Scourgify

“Ah, well,” said Tonks, slamming the trunk’s lid shut, “at least it’s all in. That could do with a bit of cleaning, too.” She pointed her wand at Hedwig’s cage. “Scourgify.” A few feathers and droppings vanished.

Harry Potter and the Order of the Phoenix

Data, too, often needs to be “cleaned,” as by reformatting it, so that values are in a consistent, if not more convenient, format. Consider, for instance, this CSV file of students, before.csv, below:

name,house
"Abbott, Hannah",Hufflepuff
"Bell, Katie",Gryffindor
"Bones, Susan",Hufflepuff
"Boot, Terry",Ravenclaw
"Brown, Lavender",Gryffindor
"Bulstrode, Millicent",Slytherin
"Chang, Cho",Ravenclaw
"Clearwater, Penelope",Ravenclaw
"Crabbe, Vincent",Slytherin
"Creevey, Colin",Gryffindor
"Creevey, Dennis",Gryffindor
"Diggory, Cedric",Hufflepuff
"Edgecombe, Marietta",Ravenclaw
"Finch-Fletchley, Justin",Hufflepuff
"Finnigan, Seamus",Gryffindor
"Goldstein, Anthony",Ravenclaw
"Goyle, Gregory",Slytherin
"Granger, Hermione",Gryffindor
"Johnson, Angelina",Gryffindor
"Jordan, Lee",Gryffindor
"Longbottom, Neville",Gryffindor
"Lovegood, Luna",Ravenclaw
"Lupin, Remus",Gryffindor
"Malfoy, Draco",Slytherin
"Malfoy, Scorpius",Slytherin
"Macmillan, Ernie",Hufflepuff
"McGonagall, Minerva",Gryffindor
"Midgen, Eloise",Gryffindor
"McLaggen, Cormac",Gryffindor
"Montague, Graham",Slytherin
"Nott, Theodore",Slytherin
"Parkinson, Pansy",Slytherin
"Patil, Padma",Gryffindor
"Patil, Parvati",Gryffindor
"Potter, Harry",Gryffindor
"Riddle, Tom",Slytherin
"Robins, Demelza",Gryffindor
"Scamander, Newt",Hufflepuff
"Slughorn, Horace",Slytherin
"Smith, Zacharias",Hufflepuff
"Snape, Severus",Slytherin
"Spinnet, Alicia",Gryffindor
"Sprout, Pomona",Hufflepuff
"Thomas, Dean",Gryffindor
"Vane, Romilda",Gryffindor
"Warren, Myrtle",Ravenclaw
"Weasley, Fred",Gryffindor
"Weasley, George",Gryffindor
"Weasley, Ginny",Gryffindor
"Weasley, Percy",Gryffindor
"Weasley, Ron",Gryffindor
"Wood, Oliver",Gryffindor
"Zabini, Blaise",Slytherin

Source: en.wikipedia.org/wiki/List_of_Harry_Potter_characters

Even though each “row” in the file has three values (last name, first name, and house), the first two are combined into one “column” (name), escaped with double quotes, with last name and first name separated by a comma and space. Not ideal if Hogwarts wants to send a form letter to each student, as via mail merge, since it’d be strange to start a letter with:

Dear Potter, Harry,

Rather than with, for instance:

Dear Harry,

In a file called scourgify.py, implement a program that:

  • Expects the user to provide two command-line arguments:
    • the name of an existing CSV file to read as input, whose columns are assumed to be, in order, name and house, and
    • the name of a new CSV to write as output, whose columns should be, in order, first, last, and house.
  • Converts that input to that output, splitting each name into a first name and last name. Assume that each student will have both a first name and last name.

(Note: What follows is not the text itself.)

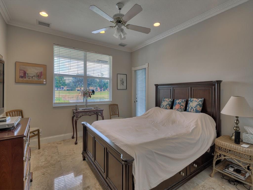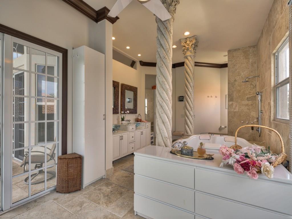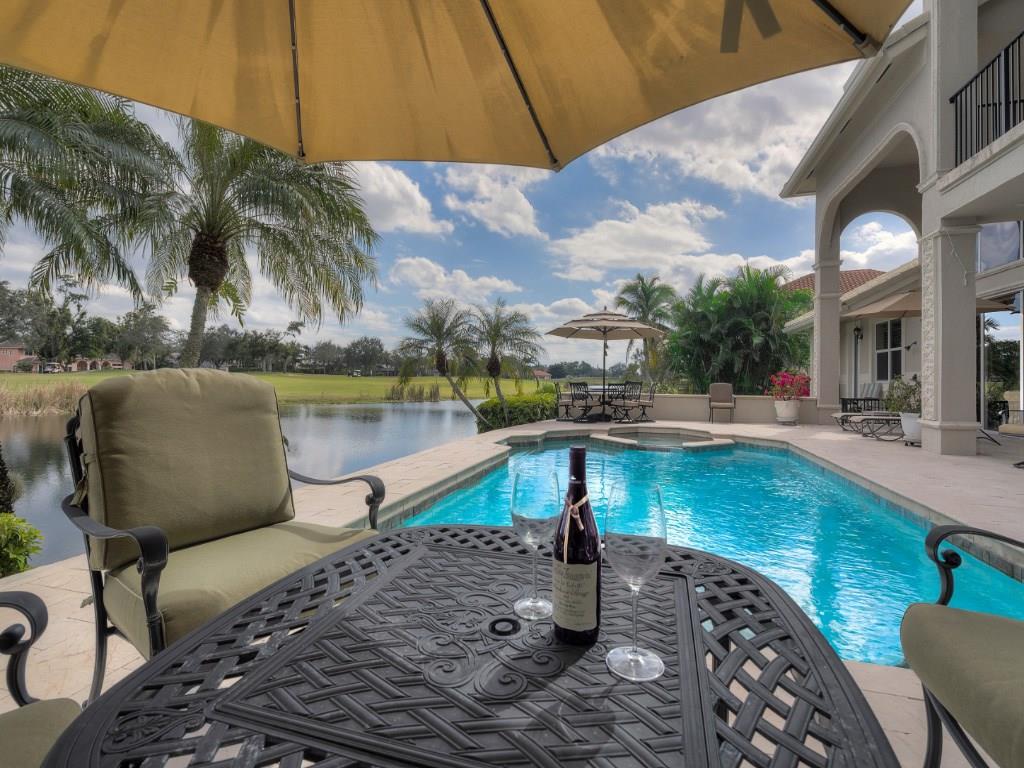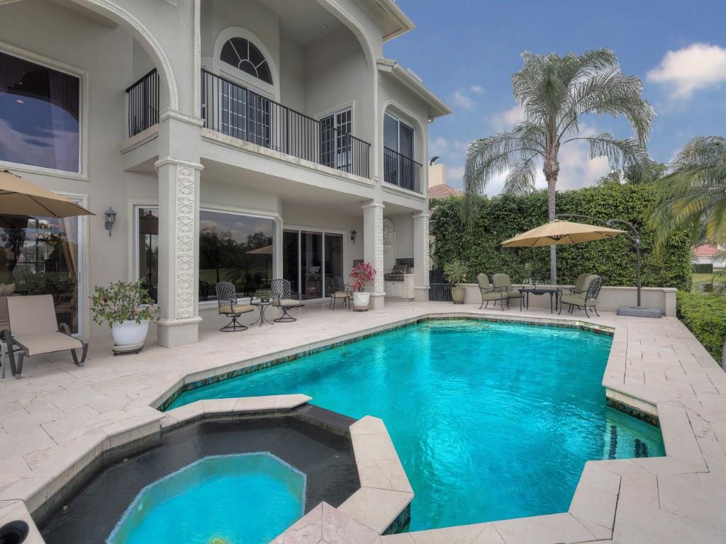 Just Re-Priced! Exceptional 2 story custom home, quiet cul-de-sac Eagle Trace. 5 Bedroom, 4 Bath, Office (can be 6th Bedroom) Stunning Lake & rolling Golf Course views. Spacious outdoor marble patio, summer kitchen. Impact windows, custom trim, marble & wood flooring. Gourmet Kitchen Lg. center island, Granite counters, SS appliances, Sub-Zero, 6 burner gas Dacor Stove, Central Vac. Master suite w/sitting area, balcony overlooking pool, water and golf course, large master bath. Tennis& Basketball courts.

If the user does not provide exactly two command-line arguments, or if the first cannot be read, the program should exit via sys.exit with an error message.

Hints

Demo

Before You Begin

Log into cs50.dev, click on your terminal window, and execute cd by itself. You should find that your terminal window’s prompt resembles the below:

$

Next execute

mkdir scourgify

to make a folder called scourgify in your codespace.

Then execute

cd scourgify

to change directories into that folder. You should now see your terminal prompt as scourgify/ $. You can now execute

code scourgify.py

to make a file called scourgify.py where you’ll write your program. Be sure to run

wget https://cs50.harvard.edu/python/2022/psets/6/scourgify/before.csv

to download before.csv into your folder.

How to Test

Here’s how to test your code manually:

  • Run your program with python scourgify.py. Your program should exit using sys.exit and provide an error message:
    Too few command-line arguments
    
  • Create empty files 1.csv, 2.csv, and 3.csv. Run your program with python scourgify.py 1.csv 2.csv 3.csv. Your program should output:
    Too many command-line arguments
    
  • Run your program with python scourgify.py invalid_file.csv output.csv. Assuming invalid_file.csv doesn’t exist, your program should exit using sys.exit and provide an error message:
    Could not read invalid_file.csv
    
  • Run your program with python scourgify.py before.csv after.csv. Assuming before.csv exists, your program should create a new file, after.csv, whose columns should be, in order, first, last, and house.

You can execute the below to check your code using check50, a program that CS50 will use to test your code when you submit. But be sure to test it yourself as well!

check50 cs50/problems/2022/python/scourgify

Green smilies mean your program has passed a test! Red frownies will indicate your program output something unexpected. Visit the URL that check50 outputs to see the input check50 handed to your program, what output it expected, and what output your program actually gave.

How to Submit

In your terminal, execute the below to submit your work.

submit50 cs50/problems/2022/python/scourgify